どんな君も、全部好きだから。
席に座ってから教室をこっそり見渡してみるけど、夏海くんはまだ来ていなかった。

髪をおろしてるの見たら何て思うかな?

映画を観に行った日みたいにまた『可愛い』って思ってくれたりして・・・?

そんなことを考えてしまう自分があまりに恥ずかしくて、思わず机の上に置いたままのスクールバッグに顔を突っ伏した。


「賢斗おはよ~」

「夏海うーっす」


みんなの声で夏海くんが教室に入ってきたんだとわかって心臓がドキンと跳ねる。


「はよ」


短くそう応えた夏海くんの声は少し眠そうで、姿を見ていないのに顔を思い浮かべるだけできゅんとしてしまった。


いつ私の髪型に気づくかな?

席が離れてるからなかなか気づかないかも。

ていうか私、昨日夏海くんに抱きしめられたんだよね。

しかも2回も。

手も握られたし、『優依』っていっぱい呼ばれた・・・。


いろいろ思い出してくると再び恥ずかしさがこみ上げてきて、私はますます突っ伏した顔を上げられなくなってしまった。

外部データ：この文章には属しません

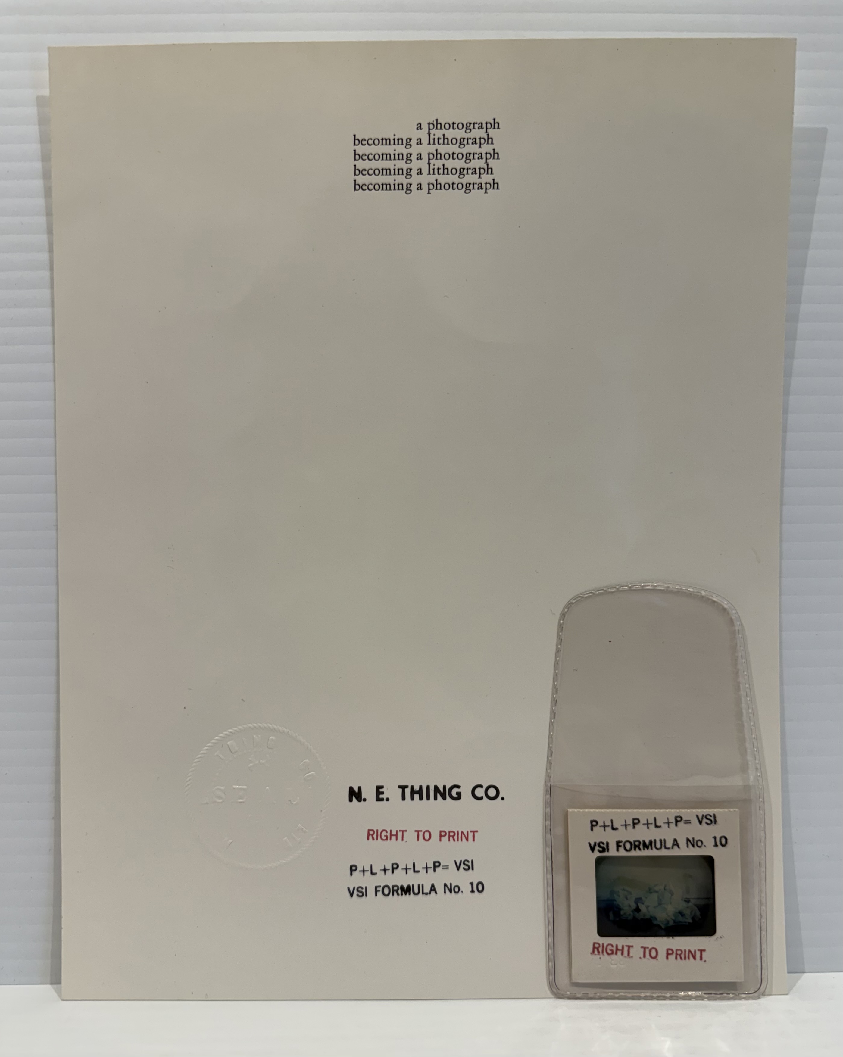 For his NSCAD lithograph Baxter carried this sequence of transformations back onto itself in a characteristically conceptual procedure of self-reflexiveness. As indicated by the title, P+L+P+L+P=VSI (where P stands for photograph, L for lithograph and VSI for visual sensitivity information), what began in a photographic format (slides) became an offset lithograph for Art in America, which in turn was photographed for printing on a metal lithographic plate. The final photographic transformation took place after the edition was printed. In what Baxter called “a gesture of complete consciousness of the medium,” all fifty prints were crumpled, piled on the floor and then photographed. This series of transformations on the one side of the equation was equal to the total amount of VSI available in the piece as a whole. Those who purchased this work received a flattened-out print as well as a title card and a slide of the pile of crumpled prints.”

結局夏海くんの顔を見られないまま朝のHRの時間が来てしまった。


「連絡事項は以上だな。あ、そろそろ席替えもするか。委員長、二時間目終わった休み時間にでもやっといて」


担任の樫井先生の言葉に、教室内が歓喜の声に包まれる。

二年生になって初めての席替え、ドキドキするなぁ。

今までは仲が良い人としか上手く話せないから、そうじゃない人には最初から壁を作ってしまいがちだったけど。

できればそんな自分も徐々に変えていきたい。

今度席が近くなった人とは、せめて普通に話せるように頑張ってみよう。